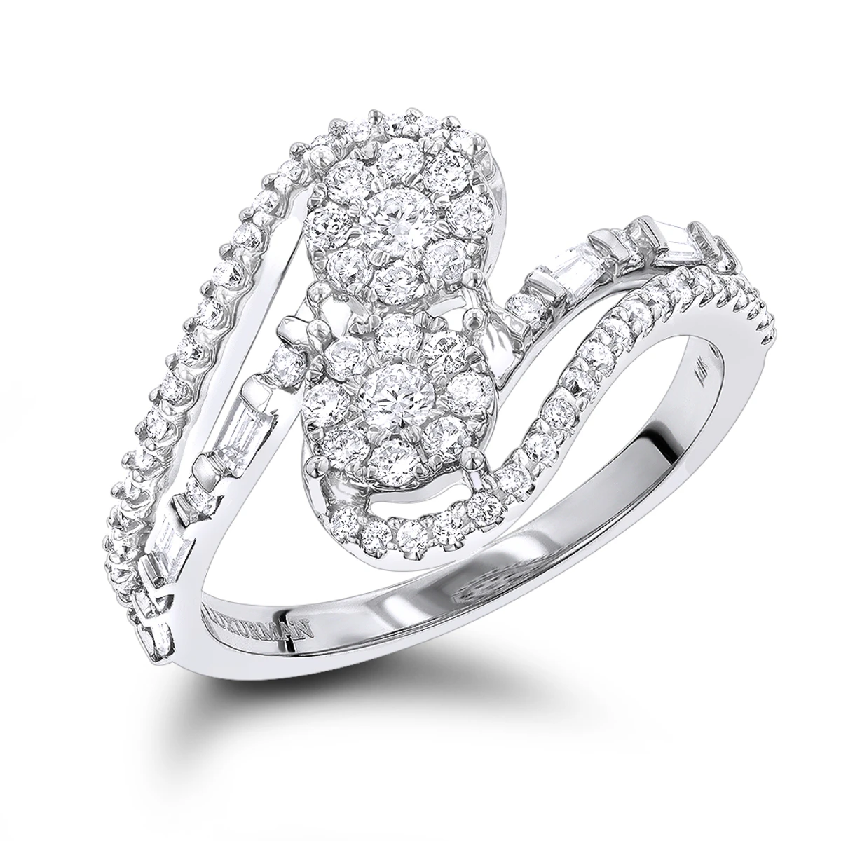 LUXURMAN Unique Women’s Diamond Rings: This 14K Gold 2 Cluster Diamond Ring is an elegant diamond ring features 0.8 carats of round and baguette dazzling white diamonds set in 14K gold base – two sparkling round cut diamond clusters pave set in a swirl design with diamonds. The two clusters ring has it all: an appealing look and a design with meaning – one cluster represent love and one friendship, making a great present for any occasion. This women’s ring is available in 14K white gold, yellow gold and rose gold.
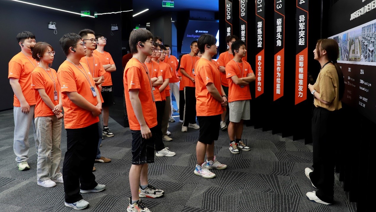 子公司介绍环节后,杰士德大学随即组织学员实地探访园区。在老师的引导下,学员们穿梭在杰士德大学的长廊里,从一张张图片中感受杰士德的发展历程,聆听他成长的声音。穿过科技感十足的技术创新中心,走进艾派科技高效运转的生产车间。他们亲历了繁忙却井然有序、宽敞明亮的生产作业区,也感受了绿意浸润、舒缓身心的休闲空间。这场贯穿工作与生活场景的沉浸式体验,向学员们生动诠释了一个真实、开放、充满蓬勃生命力的杰士德。
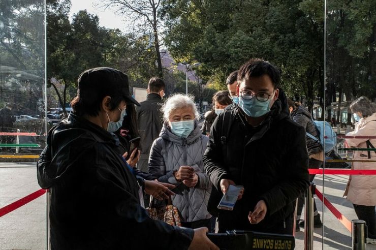 Nhân viên bệnh viện Zhongnan ở Vũ Hán quét mã QR xác nhận thông tin sức khoẻ người dân tại lối ra vào. Ảnh: NY Times
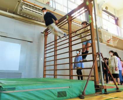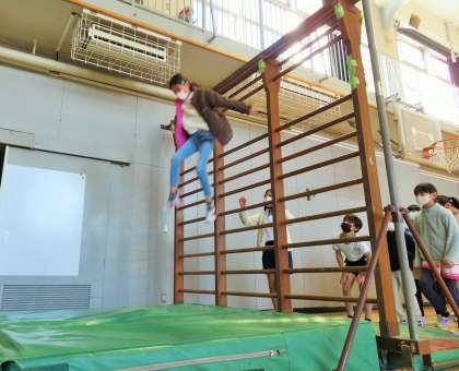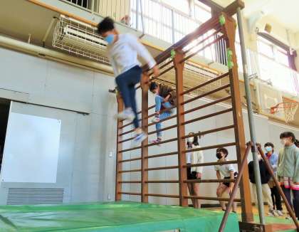 肋木に登りエバーマットにジャンプして遊んでいます。子どもたちが自由に安全に遊べるよう、遊び場の運営は私たち教職員が見守っています。
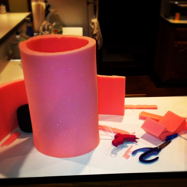 photo 11 Published December 17, 2012 at 640 × 640 in Ninjago Costume Started with 1 inch thick foam. I added a 1.5 inch thick piece inside to “hug” his head. (there is a super cheap foam place on Franklin and 18th… Heart of Texas Foam & Fabric)
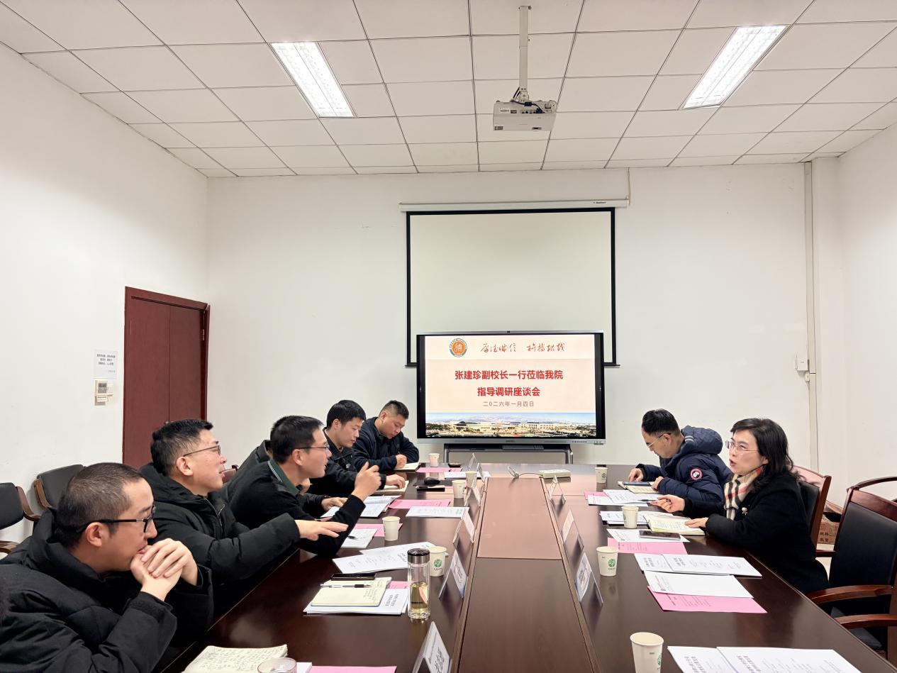 1月4日,元旦假期刚过,副校长张建珍一行莅临beat365官网就学科建设与科研工作进行专题调研。人文社会科学处学术副处长张禄佳、人文社会科学处项目管理科科长黄丹陪同调研。学院班子成员、学院办公室、研究生工作秘书、科研工作秘书参加会议,会议由院长李启迪主持。
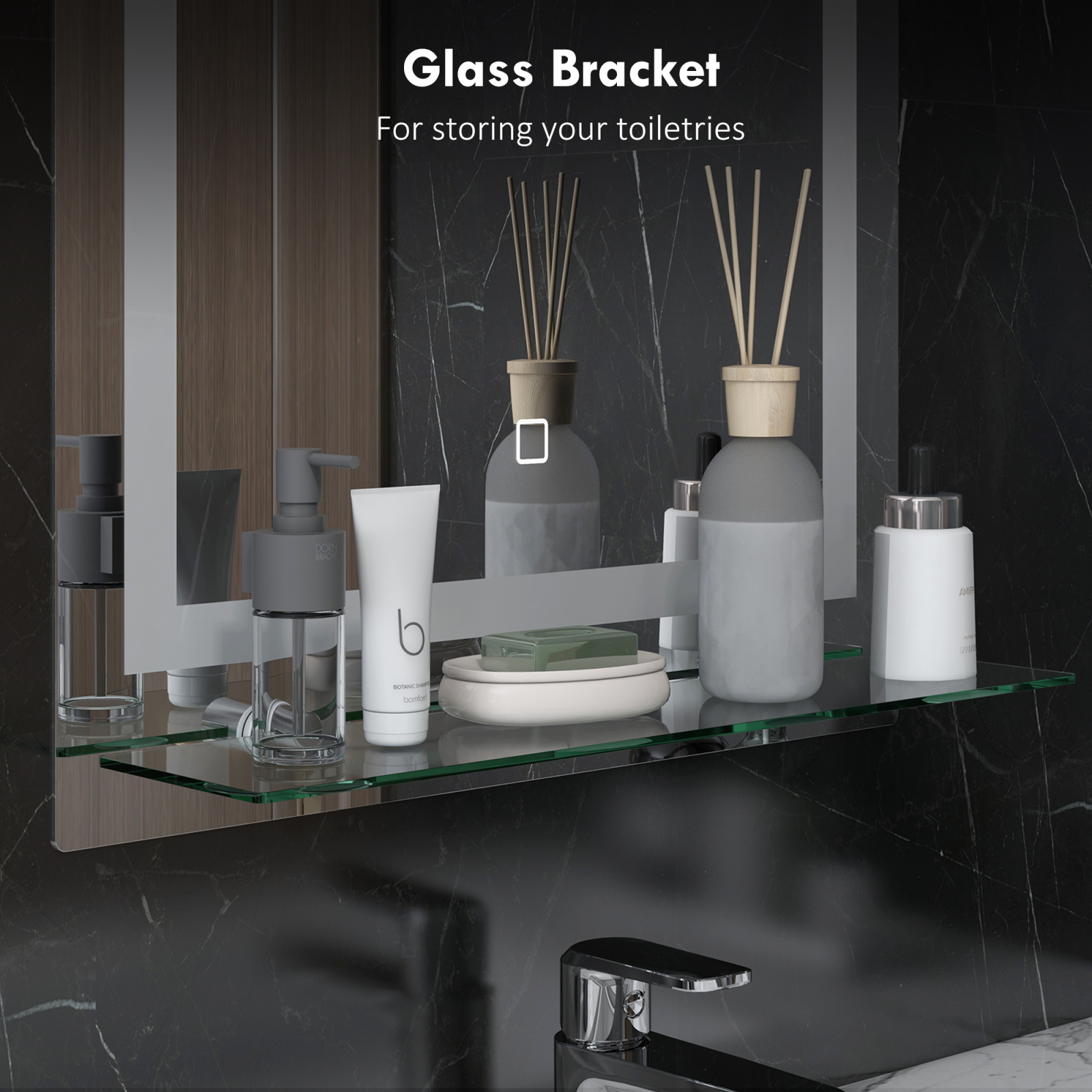 O baie moderna imbina designul si tehnologia pentru un rezultat de calitate. Accesoriile minimaliste si functionale, cum ar fi aceasta oglinda de baie [BRAND NAME] cu iluminare LED si intrerupator tactil, se caracterizeaza printr-un consum redus de energie. Realizata cu o structura din aluminiu rezistent la rugina si un raft practic din sticla pentru a organiza accesoriile de baie, oglinda noastra cu lumini poate fi usor montata pe perete datorita accesoriilor incluse pentru instalare.

> **Task statement**: With every picture left out, print exactly the lines from the one containing "1月4日,元旦假期刚过,副校" through the final line of the material above.

> **Response**:
 1月4日,元旦假期刚过,副校长张建珍一行莅临beat365官网就学科建设与科研工作进行专题调研。人文社会科学处学术副处长张禄佳、人文社会科学处项目管理科科长黄丹陪同调研。学院班子成员、学院办公室、研究生工作秘书、科研工作秘书参加会议,会议由院长李启迪主持。
 O baie moderna imbina designul si tehnologia pentru un rezultat de calitate. Accesoriile minimaliste si functionale, cum ar fi aceasta oglinda de baie [BRAND NAME] cu iluminare LED si intrerupator tactil, se caracterizeaza printr-un consum redus de energie. Realizata cu o structura din aluminiu rezistent la rugina si un raft practic din sticla pentru a organiza accesoriile de baie, oglinda noastra cu lumini poate fi usor montata pe perete datorita accesoriilor incluse pentru instalare.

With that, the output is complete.